Вот, к примеру, одна женщина нз Баку после того, как я в декабрьском выпуске «Спутника кинозрителя» недостаточно благостно отозвался о герое последнего фильма Рыбарева, написала: «Лучше сто Арлекино, чем один Ерохин!».

Возможно, что и авторы некоторых фильмов, представленных здесь, вполне разделят эту точку зрения.

Что ж, всегда к вашим услугам» (кинокритик Алексей Ерохин).

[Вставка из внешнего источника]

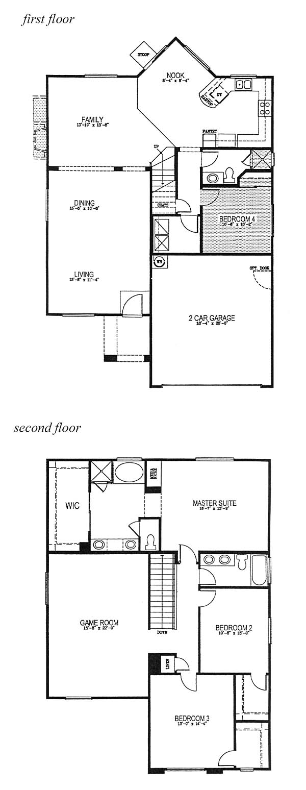 This spacious attractive two-story has a living room, dining room, family room and a kitchen with breakfast bar-top and nook. The third tandem garage is convertible to a downstairs bedroom as modeled. Upstairs, there is a game room and three large bedrooms. Options include extra bedrooms and/or loft. The master bath has a vanity between the sinks, a walk-in closet, a shower and tub.
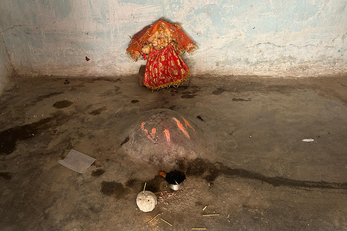 कुलदेवी का नाम अब विस्मृत हो गया है। पूजा की विधियाँ देवी दुर्गा की पूजा संस्कारों से मेल खाती हैं इससे यह आभास होता है कि नरौनी राजपूतों की कुल देवी संभवतः देवी सती थीं। कुछ लोग इन्हें कुमारी देवी या झरनी देवी भी कहते हैं। पहले कच्ची मिट्टी से बना मंदिर समय के साथ साथ अब सीमेंट और कान्क्रीट का बन गया है।
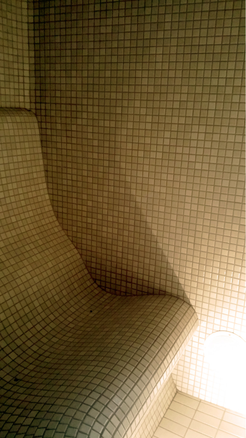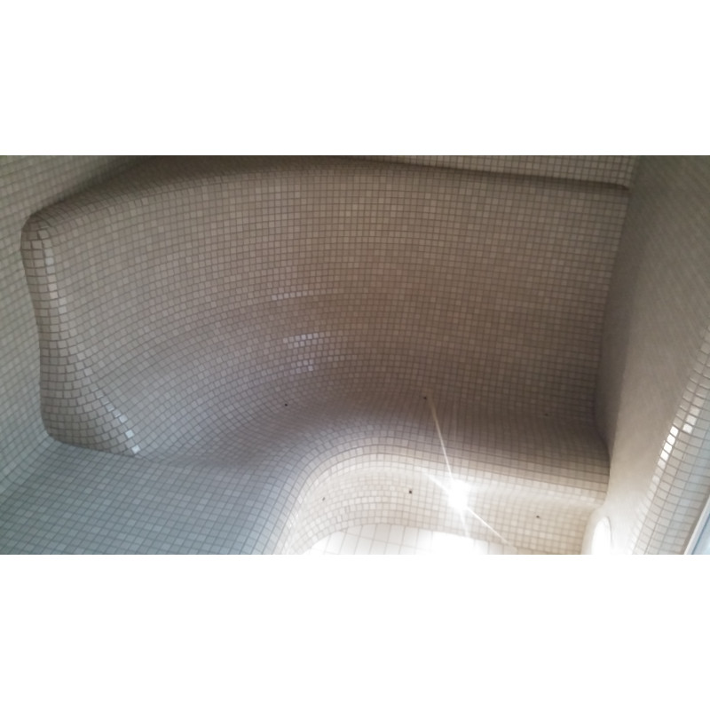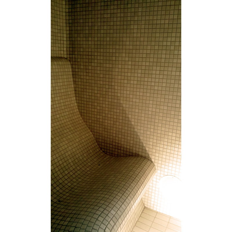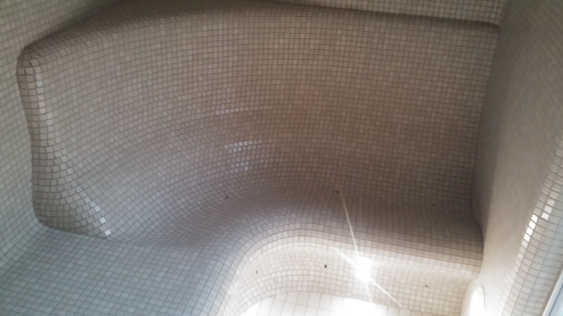 Finisaj - tavanele, pereții și șezlongurile saună sunt decorate cu plăci de mozaic din sticlă zdrobită. Podeaua este o gresie cu longevitate.
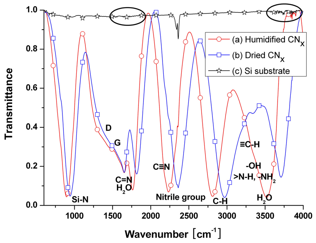 To determine the influence of the adsorption of water vapor, two samples were prepared for FTIR analysis, viz. the humidified CNx film kept in the chamber at over 90 %RH for 24 hr and the dried sample kept in the dehydrated chamber purged with N2 for 24 hr. The spectra of the humidified CNx film (Fig. 5(a)) and the dried CNx film (Fig. 5(b)) both have Si-N (940 cm-1), D (1270-1410 cm-1), G (1520-1590 cm-1), C=N (1600-1700 cm-1), C≡N (2200 cm-1), nitrile group (2367 cm-1) and C-H (2970 cm-1) peaks. However, some peaks, such as ≡C-H (3300 cm-1), -OH (3400 cm-1), >N-H and -NH2 (3200 - 3380 cm-1) and H2O (3500 cm-1), are dominant in the humidified CNx films, and are remarkably reduced in the dried CNx films. This demonstrates that the CNx film reacts easily with hydrogen and/or hydroxyl groups. The peak shift due to the adsorption of water vapor is clearly observed. The spectrum of the Si substrate (Fig. 5(c)) is included as a reference.
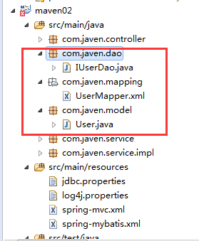 下面主要介绍三大框架的整合,至于环境的搭建以及项目的创建,参看上面的博文。这次整合我分了2个配置文件,分别是spring-mybatis.xml,包含spring和mybatis的配置文件,还有个是spring-mvc的配置文件,此外有2个资源文件:jdbc.propertis和log4j.properties。完整目录结构如下(最后附上源码下载地址):
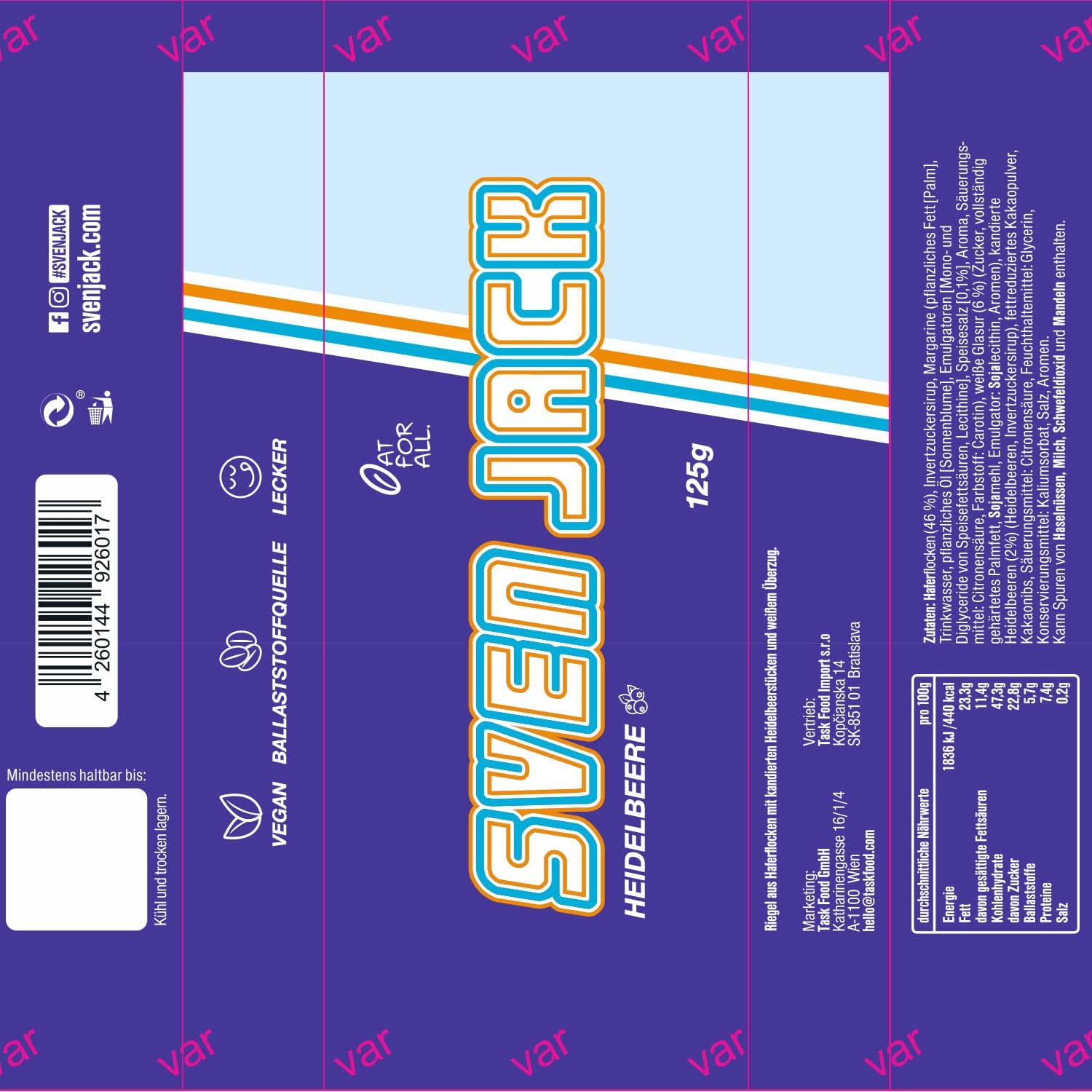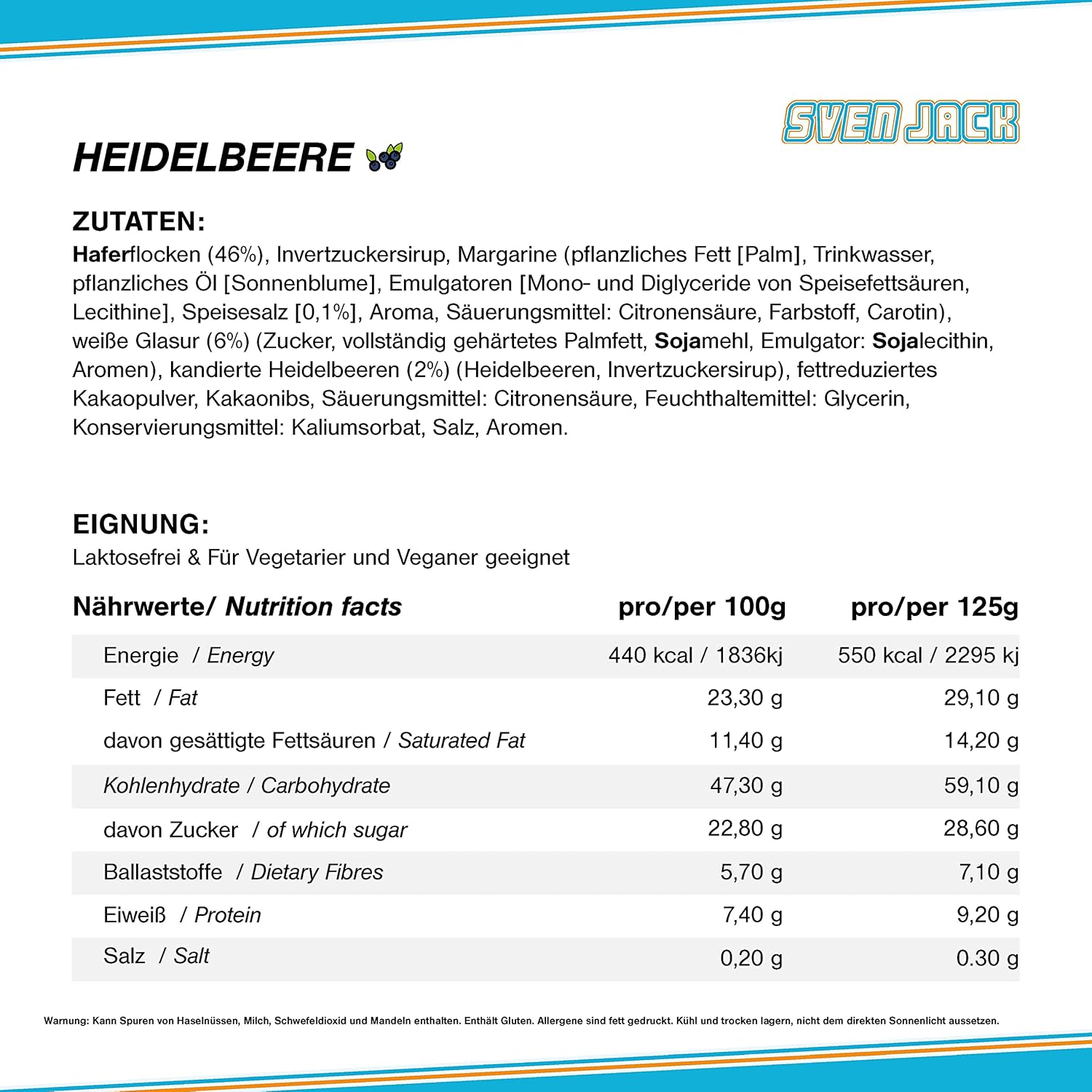 SvenJack Oat Bar Blueberry - 24 × 125g - Vegan Oatmeal Energy Bar with Blueberries, High‑Fibre, Low‑Sugar, Gluten‑Free Fruity Snack
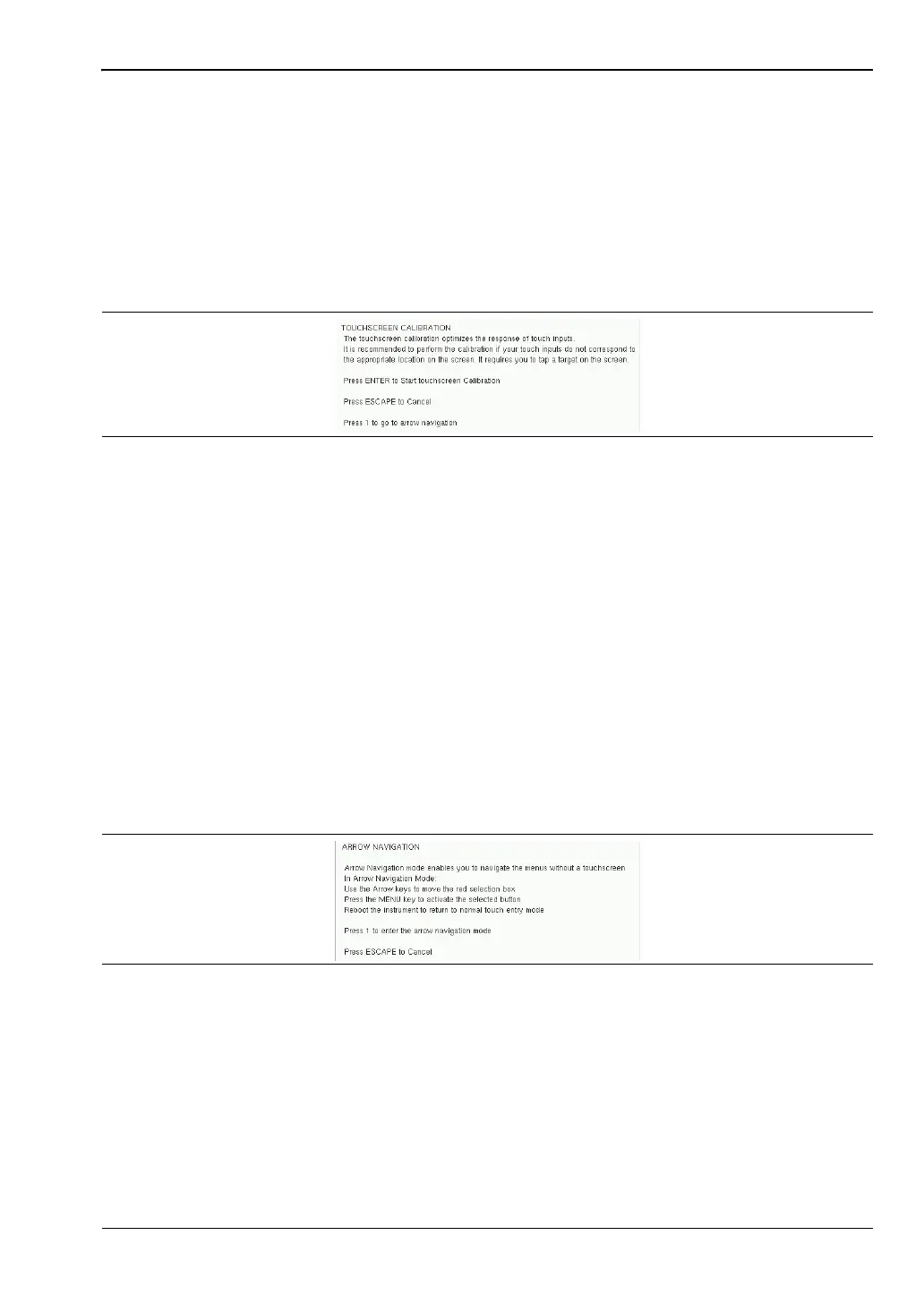 Calibration optimizes the response of touch input. It is recommended if the instrument does

Итак, читаем «Спутник кинозрителя» 1989 года (№ 7):

«Муж и дочь Тамары Александровны»

ГДЕ СВОИ, ГДЕ ЧУЖИЕ?

«А самое главное — это найти своих. И, найдя своих, жить с ними до самой смерти. И умереть в один день». Снова и снова твердит так Валера, бывший муж Тамары Александровны, обращаясь к своей дочери. То ли сам догадался, то ли Грина читал: у того, мечтателя, как минимум два рассказа оканчиваются одинаково: они жили долго и умерли в один день.

Точка? Теперь, сдается мне,— запятая: и умерли в один день, подравшись. Так оно больше похоже на правду.

Как-то все у нас по Жванецкому: где свои, где чужие? Полный разлад, разброд, раскардаш.

Бывший муж Валера, после развода не допускающийся и на порог.

Будущий бывший муж Славик: «Аннушка, родная! Хочешь, никогда не буду приходить поздно?.. Не ори, зараза!».

Вовсе не муж юноша Федя Ухов, десятиклассник, оплодотворивший цыганку и мающийся смутным отцовским инстинктом.

Его мать, которая панически не хочет видеть нежданно-негаданного внука: «сниться будет».

Сплошные нелады. Кому-нибудь вообще хорошо?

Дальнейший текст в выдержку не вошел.